这次远游,沿途得浏览各地风光。除那些设备简陋的港口外,较大的城市如孟买、赛德港、那不勒斯,你都上岸去观光,其中意大利给你的印象特别深刻。你既凭吊古代名城庞贝的废墟,你又欣赏意大利艺术的气氛。你说,上船献技的意大利音乐家,不知道是属于第八流还是第九流;可是他们所唱的歌剧,抑扬顿挫,高低疾徐,有板有眼,合节合拍,煞是难得。你准备将来学业告一做段落后,须到意大利去深造,这意见我完全赞成。

你知道,任何事业的成功,离不开环境或机会,而环境或机会不外天时、地利、人和的适当的配合。个人的努力,刚好和环境或机会相适应,这无异明媚鲜妍的牡丹,得到绿叶的扶持后,更显出它的美丽。同样的,超尘绝俗的隐士,得到名山古刹,白云孤树的烘托后,更显出他的飘飘欲仙的气象。

的确,万物各有托。顺利的环境或机会,不知道给一个人节省了多少时间和精力。相反的,横逆的环境或机会,不知道给一个人增加了多少麻烦和困扰。蓬生麻中,不扶自直;白沙在泥,与之皆黑。这虽然是极肤浅的理论,但它的意味的深长,却非普通人所能想象。

孟子自幼秉承母训,迁居三次,为的是要选择优美的环境和机会。因此,他长大成人后,念念不忘环境和机会的重要。他说:

“有楚人于此,欲其子之齐语也,则使齐人传诸,使楚人传诸?”曰:“使齐人传之。”曰:“一齐人传之,众楚人咻之,虽日挞而求其齐也,不可得矣。引而置之庄岳之间数年,虽日挞而求其楚,亦不可得矣。”

上述这个例子,用来说明任何语言的学习,固然十分恰当;用来证明任何部门的学术或艺术的研究,也是相当适合。

你瞧,马来亚的华校学生,除极少数的例外,读了十一二年英文,到了高中毕业后,连普通的会话也应付不来。这原因很简单,他们没有学习英文的环境和机会。上课的时候,先生教的是英文,解释却用中文。到了下课后,非万不得已不敢开口说一句。久而久之,谁也没有养成说英文的习惯。到了需要应用英文的场合,便当堂缴械。

就是同一的学生,到了英国、美国、澳洲、加拿大读了三五年书,耳濡目染,无一不是英文。写信看报,又无一不是英文。买菜吵架,更是无一不是英文。经过长期的训练,本来一句不会讲的人也可以说得流利的英文了,虽然用字造句的正确,表情达意的美妙,还靠基本的工夫,即多看、多写、多修改。

英国社会上了轨道,凡事都有一定的传统和先例。一面保留旧的,一面吸收新的。无论著名大学出身也罢,自学成功也罢,一个人总要有一套真本领、真学问,这才能够立足于社会。不然,他就成为落伍者,受时代的淘汰。因此,行险侥幸,专钻狗洞的人很难在这会站得住。
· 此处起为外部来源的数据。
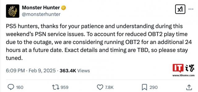 IT 世家 2 月 10 因为索尼旗下的日消息, PlayStation 本周六,网络遭遇了近一天的中断故障,直到今天早上才修复,导致游戏《怪物猎人:荒野》的第二次修复。 Beta 第一次测试的时间变短了。目前,卡普空宣布将为游戏公测提供额外的测试。 24 小时测试时间。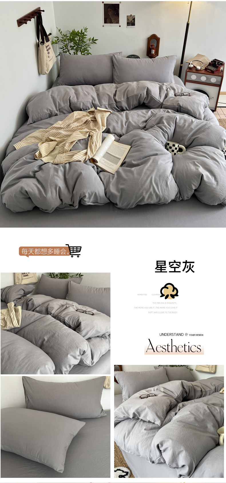 当前位置: 91家纺网 > 商品网购 > 床品套件 > 四件套 > 化纤普通四件套 > 梦嘉居 2026新款亲肤纯色AB版水洗皱皱棉四件套学生宿舍床单床笠三件套 星空灰
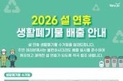 양주시= 주재영 기자 |양주시는 설 연휴 기간 시민과 방문객의 불편을 줄이기 위해 ‘2026년 설 연휴 생활폐기물 관리 대책’을 시행한다. 특별 관리 기간은 2월 14일부터 18일까지다. 연휴 기간 동안 종량제봉투, 음식물류 폐기물, 재활용품은 2월 14일과 16일에 정상 수거되며, 공동주택 음식물류 폐기물은 18일 별도 수거해 쓰레기 장기 적치를 방지할 계획이다. 또한 쓰레기 관련 민원과 긴급 상황에 대응하기 위해 상황근무반을 편성하는 등 비상 청소체계를 운영한다. 양주시 관계자는 “생활폐기물 감량과 수거 일정 준수를 위한 시민들의 협조가 필요하다”며 “배출은 수거일 전날 오후 8시부터 수거일 당일 오전 6시까지 지켜달라”고 당부했다.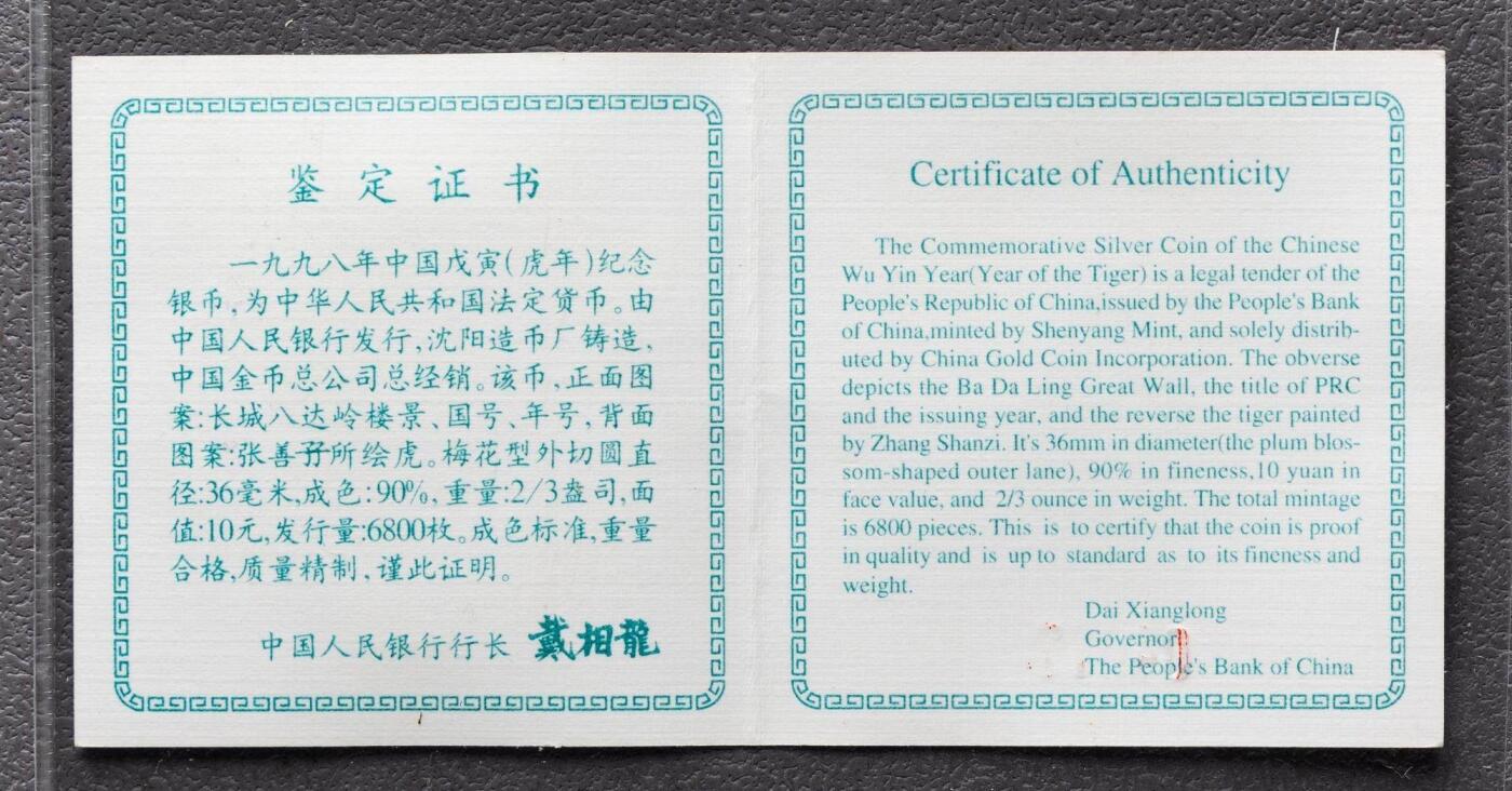 - 发行年份:1998年(戊寅虎年)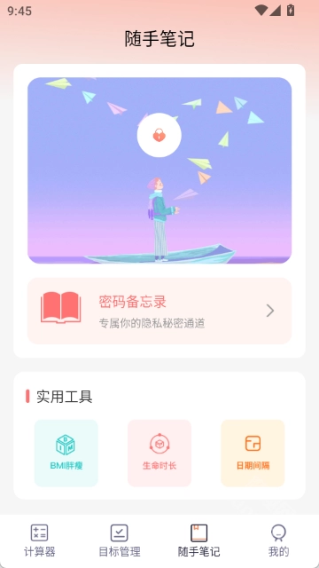 4. 随手笔记支持密码备忘录、生命时长、日期间隔等功能的使用。

在落后的社会里,只有做官或走私是发财的捷径。在安定的社会里,三十六行,行行出状元。你知道,英国任何部门的学术或艺术,照例都有组织。这种组织包括这一门学术或艺术上已经有所建树的大人物。它的入会的资格很严。除自己已经具备各种条件外,他还需老会员介绍。此外,该会还出版刊物,发表专门的著作。著作没有发表前,须经过详细审查,不合水准的作品,绝不刊载。一个初学者要在专门刊物上发表文章,起码要有十年苦工夫。此后,继续精心研究,学问经验与日俱增,到了他被学会公举为会长或重要职员的时候,起码是超过四五十岁了。虽然非会员照样可成为专家,但那种人到底是占了少数。

还有一层。国家和社会对于已经成名的学问家或艺术家,老是尽量帮忙,大事宣扬。例如原籍西班牙、久居法国的画坛怪杰毕加索,他青年时代的一幅画像被英国著名小说家毛姆收藏。最近毛姆拿这幅画出售,代价8万镑,合马币68万元。假如有人拿这幅画到马来亚来兜售,有人肯出1千元的代价,恐怕报纸上要连登三天了。

你现在有机会到英国读书,你应该很虚心地从头学起。除自己立定计划,按部就班地慢慢实行和严格自我批评外,你还要时常接近良师益友,看看人家的谈吐怎样,待人接物怎样。让人家给你做镜子、作尺度、作天秤,然后急起直追,纠正一切错误,学习各种优点。这才是做学问的正确态度。

别忘记,英国的博物院、图书馆、歌剧院、美术馆、大教堂、动物园,这些地方都是真正民众教育的所在。这些地方最能启发一个人的心灵。好东西看得多了、听得多了、想得多了,这无形中会扩大你的心胸,而扩大的心胸是成功的首要条件。

专此顺问

学安!

子云(一九六二年五月三日)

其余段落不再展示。